### [WORK INSTRUCTION]
Reproduce the data exactly and drop any pictures it holds.

### [SUPPLIED DATA]
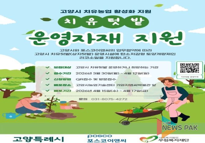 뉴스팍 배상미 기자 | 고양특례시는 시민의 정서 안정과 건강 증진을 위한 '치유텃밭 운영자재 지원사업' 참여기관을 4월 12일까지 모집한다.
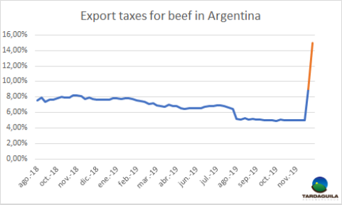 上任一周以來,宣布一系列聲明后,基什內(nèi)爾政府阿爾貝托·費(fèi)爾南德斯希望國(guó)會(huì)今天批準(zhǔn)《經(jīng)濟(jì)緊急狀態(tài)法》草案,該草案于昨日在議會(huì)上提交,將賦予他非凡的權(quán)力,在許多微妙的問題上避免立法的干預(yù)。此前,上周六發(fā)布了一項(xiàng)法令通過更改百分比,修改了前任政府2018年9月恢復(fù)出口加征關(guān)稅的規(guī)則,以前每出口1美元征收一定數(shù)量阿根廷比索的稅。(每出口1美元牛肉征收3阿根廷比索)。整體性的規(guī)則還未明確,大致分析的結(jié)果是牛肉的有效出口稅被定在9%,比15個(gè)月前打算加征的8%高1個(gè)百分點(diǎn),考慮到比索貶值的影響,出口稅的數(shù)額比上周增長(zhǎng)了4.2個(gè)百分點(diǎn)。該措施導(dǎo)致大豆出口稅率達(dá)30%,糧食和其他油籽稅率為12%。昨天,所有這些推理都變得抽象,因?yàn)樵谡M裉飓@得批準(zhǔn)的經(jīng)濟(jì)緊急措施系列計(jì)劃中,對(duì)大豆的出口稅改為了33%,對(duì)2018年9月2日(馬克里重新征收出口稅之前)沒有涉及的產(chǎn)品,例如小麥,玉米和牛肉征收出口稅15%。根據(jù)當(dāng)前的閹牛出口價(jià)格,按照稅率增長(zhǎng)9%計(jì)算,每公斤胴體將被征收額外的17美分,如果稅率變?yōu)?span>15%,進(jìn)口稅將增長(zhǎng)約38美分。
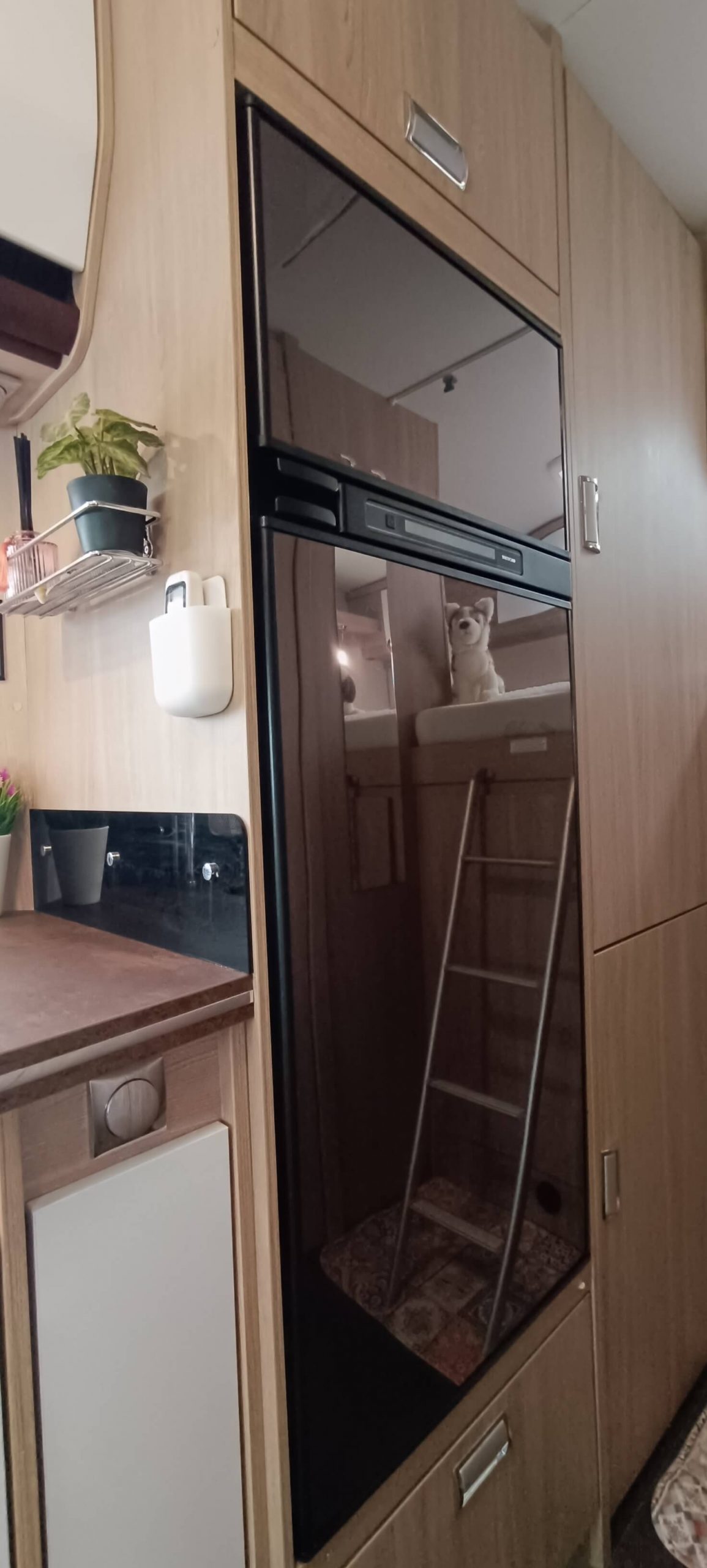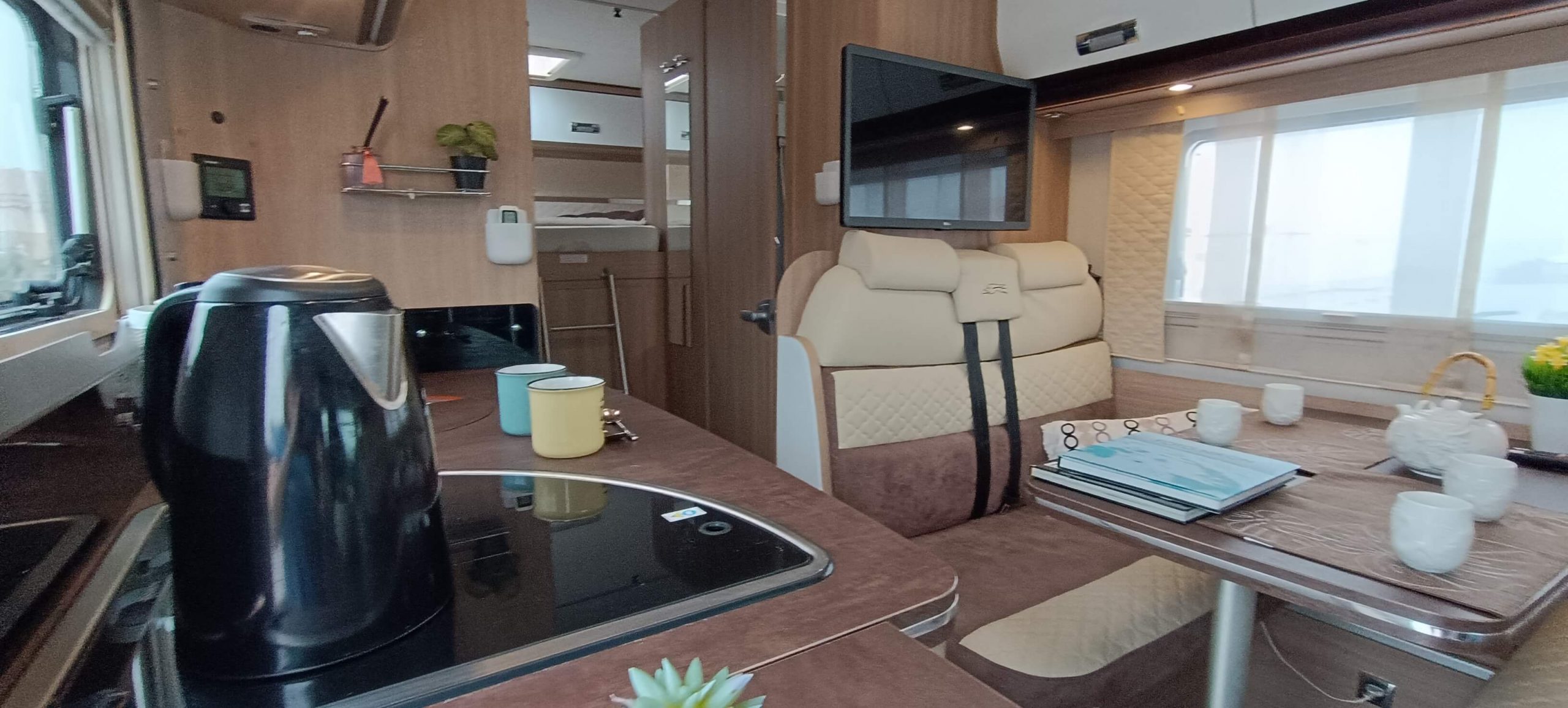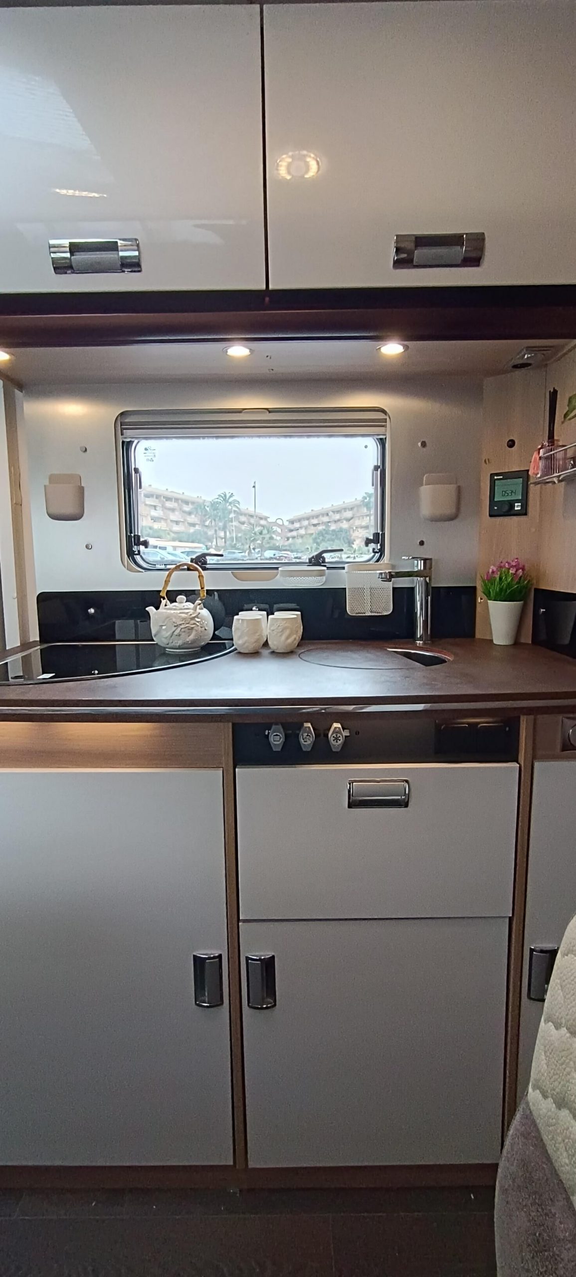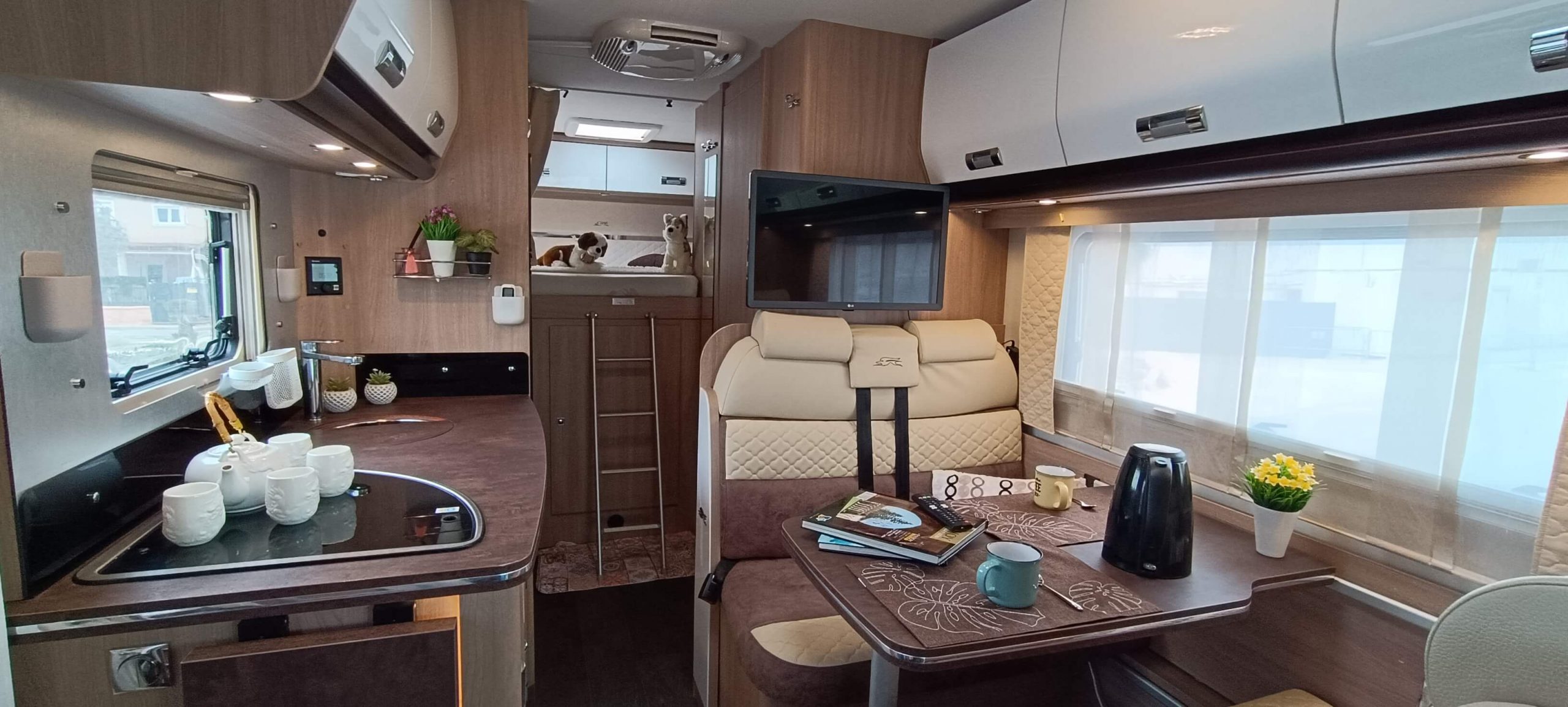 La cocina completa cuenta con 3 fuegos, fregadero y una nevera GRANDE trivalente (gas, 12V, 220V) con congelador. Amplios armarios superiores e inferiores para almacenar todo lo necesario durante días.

### [FINISHED TASK]
 뉴스팍 배상미 기자 | 고양특례시는 시민의 정서 안정과 건강 증진을 위한 '치유텃밭 운영자재 지원사업' 참여기관을 4월 12일까지 모집한다.
 上任一周以來,宣布一系列聲明后,基什內(nèi)爾政府阿爾貝托·費(fèi)爾南德斯希望國(guó)會(huì)今天批準(zhǔn)《經(jīng)濟(jì)緊急狀態(tài)法》草案,該草案于昨日在議會(huì)上提交,將賦予他非凡的權(quán)力,在許多微妙的問題上避免立法的干預(yù)。此前,上周六發(fā)布了一項(xiàng)法令通過更改百分比,修改了前任政府2018年9月恢復(fù)出口加征關(guān)稅的規(guī)則,以前每出口1美元征收一定數(shù)量阿根廷比索的稅。(每出口1美元牛肉征收3阿根廷比索)。整體性的規(guī)則還未明確,大致分析的結(jié)果是牛肉的有效出口稅被定在9%,比15個(gè)月前打算加征的8%高1個(gè)百分點(diǎn),考慮到比索貶值的影響,出口稅的數(shù)額比上周增長(zhǎng)了4.2個(gè)百分點(diǎn)。該措施導(dǎo)致大豆出口稅率達(dá)30%,糧食和其他油籽稅率為12%。昨天,所有這些推理都變得抽象,因?yàn)樵谡M裉飓@得批準(zhǔn)的經(jīng)濟(jì)緊急措施系列計(jì)劃中,對(duì)大豆的出口稅改為了33%,對(duì)2018年9月2日(馬克里重新征收出口稅之前)沒有涉及的產(chǎn)品,例如小麥,玉米和牛肉征收出口稅15%。根據(jù)當(dāng)前的閹牛出口價(jià)格,按照稅率增長(zhǎng)9%計(jì)算,每公斤胴體將被征收額外的17美分,如果稅率變?yōu)?span>15%,進(jìn)口稅將增長(zhǎng)約38美分。
 La cocina completa cuenta con 3 fuegos, fregadero y una nevera GRANDE trivalente (gas, 12V, 220V) con congelador. Amplios armarios superiores e inferiores para almacenar todo lo necesario durante días.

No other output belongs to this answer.